### What you should do
Would you reproduce the data below exactly, please, leaving out its images?

### Dataset content
__________

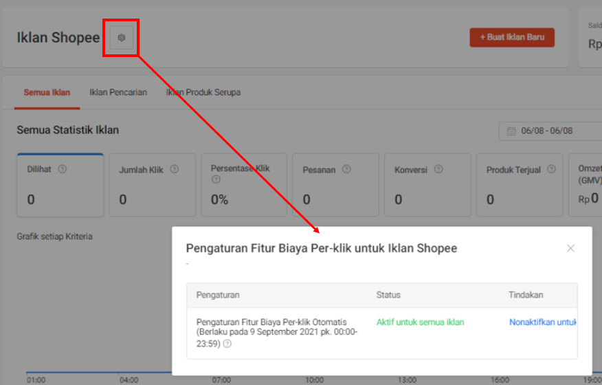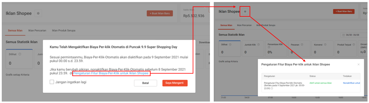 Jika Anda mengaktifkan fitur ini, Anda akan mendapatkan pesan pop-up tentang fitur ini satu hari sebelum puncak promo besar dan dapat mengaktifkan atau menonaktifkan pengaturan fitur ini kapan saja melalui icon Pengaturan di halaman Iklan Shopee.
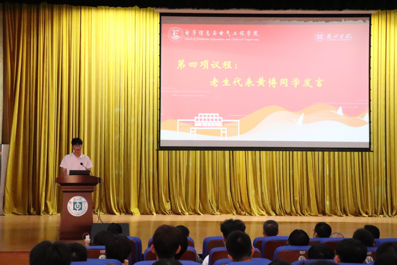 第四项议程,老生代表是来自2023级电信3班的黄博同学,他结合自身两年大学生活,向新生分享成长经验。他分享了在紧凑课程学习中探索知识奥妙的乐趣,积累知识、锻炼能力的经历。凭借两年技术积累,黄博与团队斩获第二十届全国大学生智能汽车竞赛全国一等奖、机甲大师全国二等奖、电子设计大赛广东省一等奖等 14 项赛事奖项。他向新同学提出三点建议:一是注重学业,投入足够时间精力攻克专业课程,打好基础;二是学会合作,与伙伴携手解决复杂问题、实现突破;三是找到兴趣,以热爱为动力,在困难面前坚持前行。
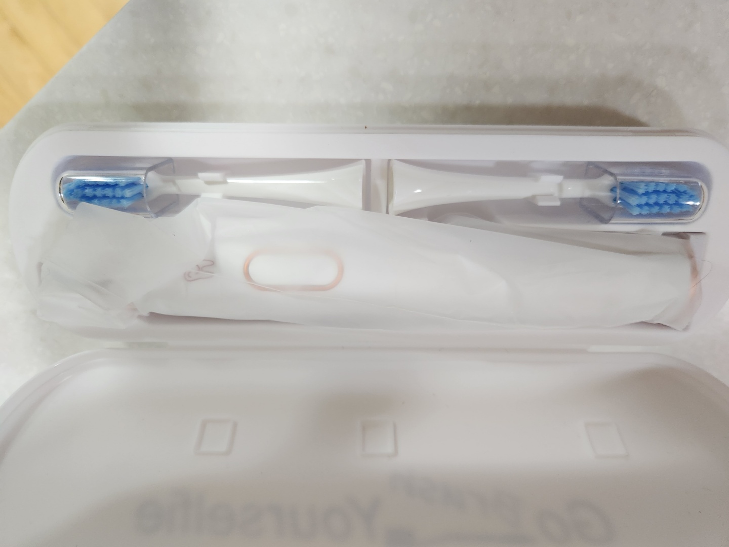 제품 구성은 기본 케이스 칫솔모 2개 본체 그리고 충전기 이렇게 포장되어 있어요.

__________

### Task result
 Jika Anda mengaktifkan fitur ini, Anda akan mendapatkan pesan pop-up tentang fitur ini satu hari sebelum puncak promo besar dan dapat mengaktifkan atau menonaktifkan pengaturan fitur ini kapan saja melalui icon Pengaturan di halaman Iklan Shopee.
 第四项议程,老生代表是来自2023级电信3班的黄博同学,他结合自身两年大学生活,向新生分享成长经验。他分享了在紧凑课程学习中探索知识奥妙的乐趣,积累知识、锻炼能力的经历。凭借两年技术积累,黄博与团队斩获第二十届全国大学生智能汽车竞赛全国一等奖、机甲大师全国二等奖、电子设计大赛广东省一等奖等 14 项赛事奖项。他向新同学提出三点建议:一是注重学业,投入足够时间精力攻克专业课程,打好基础;二是学会合作,与伙伴携手解决复杂问题、实现突破;三是找到兴趣,以热爱为动力,在困难面前坚持前行。
 제품 구성은 기본 케이스 칫솔모 2개 본체 그리고 충전기 이렇게 포장되어 있어요.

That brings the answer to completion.